Extracted data entries:

________________

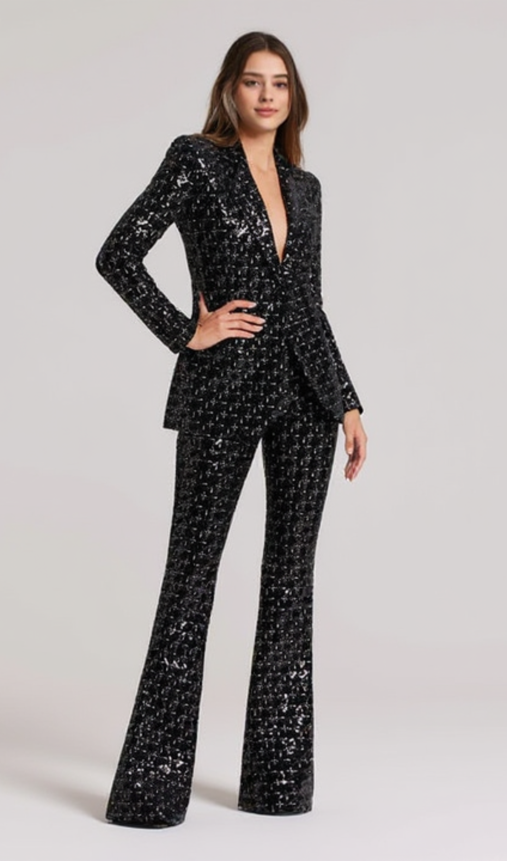 This stunning Rizia Sequin Blazer Two Piece Set exudes luxury and sophistication. The sparkling sequin details add a touch of glamour, while the two-piece set design allows for versatility and effortless elegance. Perfect for any occasion, this set is a must-have for the fashion-forward and discerning individual.
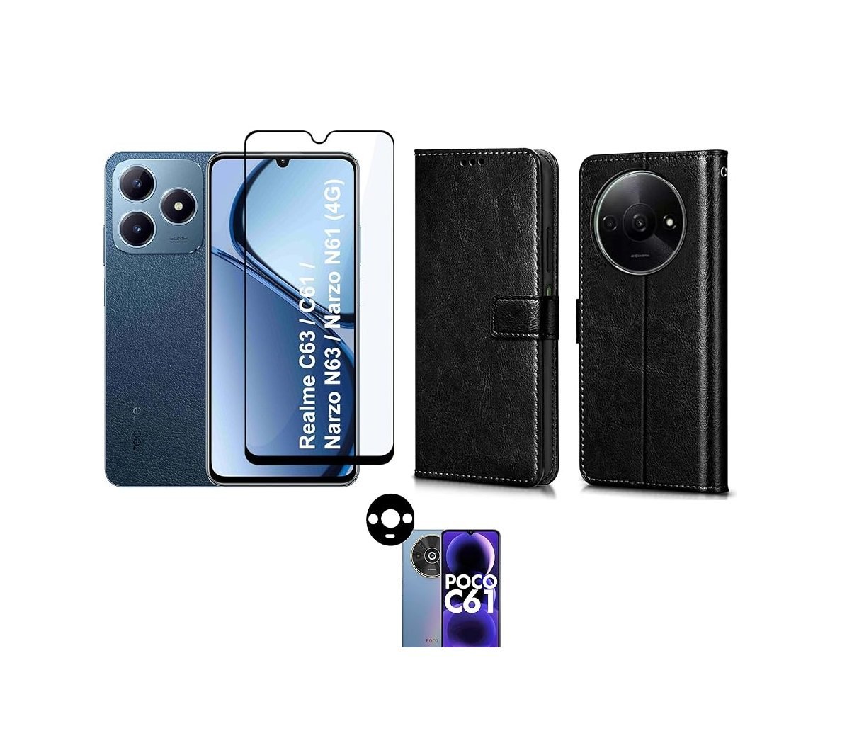 Premium 3-in-1 protection combo for Poco C61 5G. This pack features a Black Leather Finish Flip Case with magnetic stand, card holder, and shockproof design for secure everyday use. The HD Tempered Glass safeguards the screen from scratches, drops, and smudges, while the Camera Lens Protector keeps the camera lens safe and scratch-free for clear, high-quality photos. Ideal combo for full-body protection with style, functionality, and durability.
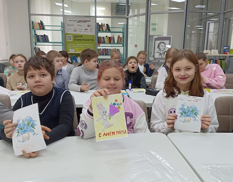 Мама, мамочка! Так мы называем самого близкого, дорогого человека, любовь которого греет нас всю жизнь. Мама заботится о нас, учит нас мудрости, дает советы в сложных жизненных ситуациях. Библиотекари познакомили школьников с историей праздника. Прозвучали стихотворения Агнии Барто, Елены Благининой, Эдуарда Успенского и других авторов. Ребята поучаствовали в шуточных конкурсах, викторине, вспомнили пословицы и поделились рассказами о том, как они помогают мамам. С желанием порадовать самого близкого и любимого человека – маму – юные читатели сделали открытки с теплыми поздравлениями к празднику.
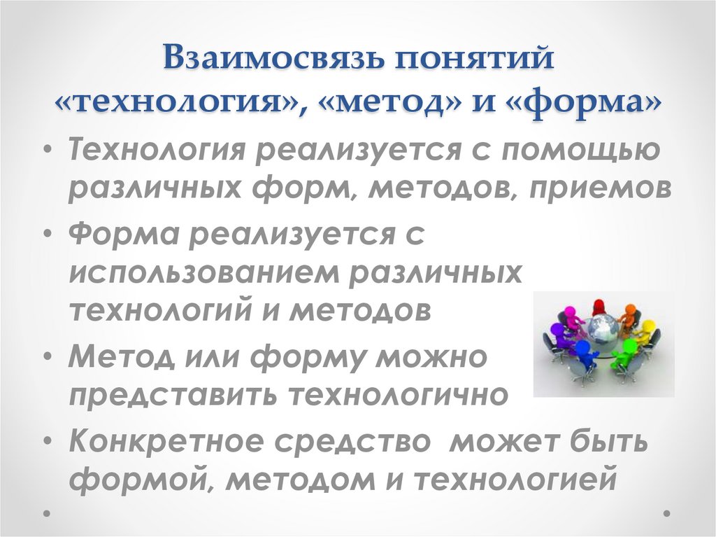 Взаимосвязь понятий«технология», «метод» и «форма»
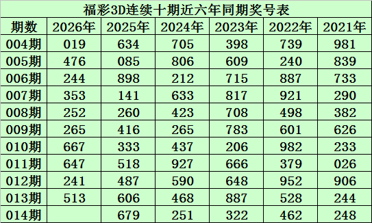 陈青峰福彩3D第2026014期推荐:
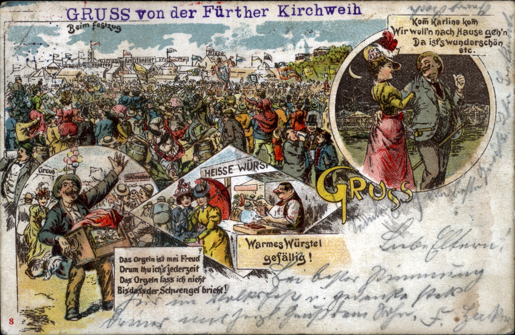 | Dateiinfo (Bild-Unterschrift und Info-Box, automatisch erstellt) | Gruß von der Fürther Kirchweih, historische Ansichtskarte, um 1900 Lizenz: CC BY-SA 3.0 | ||

________________

Task to complete: All that is needed is the data above, repeated exactly, without the pictures.

Response:
 This stunning Rizia Sequin Blazer Two Piece Set exudes luxury and sophistication. The sparkling sequin details add a touch of glamour, while the two-piece set design allows for versatility and effortless elegance. Perfect for any occasion, this set is a must-have for the fashion-forward and discerning individual.
 Premium 3-in-1 protection combo for Poco C61 5G. This pack features a Black Leather Finish Flip Case with magnetic stand, card holder, and shockproof design for secure everyday use. The HD Tempered Glass safeguards the screen from scratches, drops, and smudges, while the Camera Lens Protector keeps the camera lens safe and scratch-free for clear, high-quality photos. Ideal combo for full-body protection with style, functionality, and durability.
 Мама, мамочка! Так мы называем самого близкого, дорогого человека, любовь которого греет нас всю жизнь. Мама заботится о нас, учит нас мудрости, дает советы в сложных жизненных ситуациях. Библиотекари познакомили школьников с историей праздника. Прозвучали стихотворения Агнии Барто, Елены Благининой, Эдуарда Успенского и других авторов. Ребята поучаствовали в шуточных конкурсах, викторине, вспомнили пословицы и поделились рассказами о том, как они помогают мамам. С желанием порадовать самого близкого и любимого человека – маму – юные читатели сделали открытки с теплыми поздравлениями к празднику.
 Взаимосвязь понятий«технология», «метод» и «форма»
 陈青峰福彩3D第2026014期推荐:
 | Dateiinfo (Bild-Unterschrift und Info-Box, automatisch erstellt) | Gruß von der Fürther Kirchweih, historische Ansichtskarte, um 1900 Lizenz: CC BY-SA 3.0 | ||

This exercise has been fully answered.